Warszawa

Recenzja książki:

Zły Pan

Zły Pan

Gro Dahle
Svein Nyhus
od 9 lat

Brakuje odpowiednich słów

Nie uważam, że książki dla dzieci powinny być wyłącznie śliczne, kolorowe i beztroskie. Podobnie jak literatura dla starszych – powinny poruszać wszystkie tematy. Ale czy na pewno na każdy temat jesteśmy gotowi?


Czytając Złego pana zastanawiałam się, dla kogo właściwie przeznaczona jest ta pozycja? Podobnie jak większość jej dorosłych odbiorców czytałam wbita w fotel, a każdy mięsień  mojego ciała, napięty jak struna buntował się przeciw takiemu obrazowi rzeczywistości. Realnej rzeczywistości, która rozgrywać się może tuż za ścianą.

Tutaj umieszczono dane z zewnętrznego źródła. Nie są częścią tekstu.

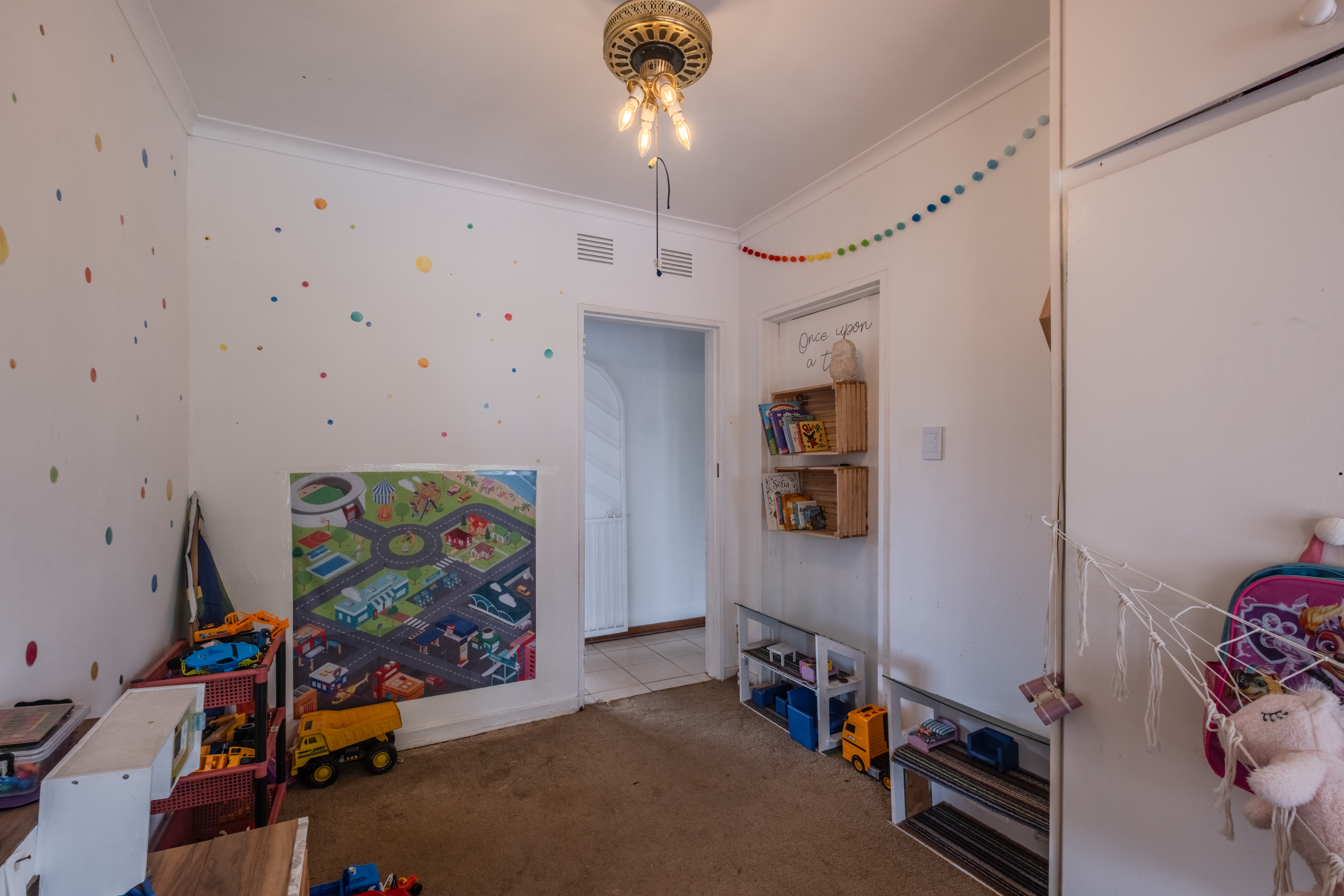 The bedroom wing is secured by a passage security gate. Accommodation includes three well-sized bedrooms and a fourth smaller bedroom, ideal for a young child, study, or home office. The family bathroom is a full bathroom with bath, shower, toilet, and basin. The spacious main bedroom features an en-suite bathroom with shower, toilet, and basin, as well as an additional adjoining room that can easily be converted into a walk-in wardrobe, private lounge, or home office.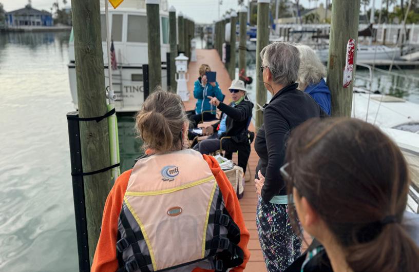 We had a great turnout for our February 1st dinner. Our speaker was Krista Park, Coordinator of Training & Operations for the Eckerd College Search & Rescue program, with an interesting and engaging presentation on Eckerd S&R operations. The only program of its kind in the country, its student members work 24 hours on, 48 hours off conducting every aspect of rescue operations throughout the Tampa Bay area. At the meeting we welcomed new members and reviewed plans for our busy upcoming cruising schedule –February cruises to Clearwater Yacht Club in two groups plus an Anchor Out weekend at Emerson Point Preserve, and in March two weekend cruise-ins to our downtown docks. We also reviewed plans for our two-week Commodore’s Cruise to the Keys in late April. Paul and Gini Berry had samples of our 2025 Commodore’s Cruise shirts on hand and are taking orders until midMarch.

Zły Pan opowiada wpół metaforycznie, ale bardzo plastycznie o tym, jak może czuć się dziecko doświadczające przemocy i strachu. Ten opis może dać głos innym dzieciom, które czują się podobnie – i dzięki tej historii znajdą słowa, aby zwerbalizować swoje doświadczenia. Dlatego z początku pomyślałam, że to książka głównie dla terapeutów pracujących z dziećmi i całymi rodzinami doświadczającymi przemocy.


Ale czy książka o niepełnosprawnej nastolatce – jest skierowana tylko do niepełnosprawnych nastolatek? A Oskar i Róża tylko dla czytelników zmagających się nowotworem? Przemoc jest wokół nas. Możemy spotkać na naszej drodze dziecko doświadczające przemocy. Jak z nim rozmawiać ? To takie trudne! Owszem. Trudne.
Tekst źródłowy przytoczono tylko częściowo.